Task requirements: The line with "Дания. Суперлига 25.10.2010", the line with "玄関をあがると目の前に廊下が", and all lines between them in the material below: return these exactly, and no others.

Information provided:
☆ ☆ ☆ ☆ ☆
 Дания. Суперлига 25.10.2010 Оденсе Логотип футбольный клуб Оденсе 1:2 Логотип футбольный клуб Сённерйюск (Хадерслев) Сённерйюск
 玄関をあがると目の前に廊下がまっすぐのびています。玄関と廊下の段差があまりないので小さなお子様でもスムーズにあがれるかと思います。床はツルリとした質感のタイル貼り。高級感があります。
☆ ☆ ☆ ☆ ☆
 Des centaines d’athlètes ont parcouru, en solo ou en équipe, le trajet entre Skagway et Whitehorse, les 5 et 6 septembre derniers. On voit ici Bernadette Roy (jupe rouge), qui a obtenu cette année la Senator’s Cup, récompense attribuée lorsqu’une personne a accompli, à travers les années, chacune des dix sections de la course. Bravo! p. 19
☆ ☆ ☆ ☆ ☆
Response to this task:
 Дания. Суперлига 25.10.2010 Оденсе Логотип футбольный клуб Оденсе 1:2 Логотип футбольный клуб Сённерйюск (Хадерслев) Сённерйюск
 玄関をあがると目の前に廊下がまっすぐのびています。玄関と廊下の段差があまりないので小さなお子様でもスムーズにあがれるかと思います。床はツルリとした質感のタイル貼り。高級感があります。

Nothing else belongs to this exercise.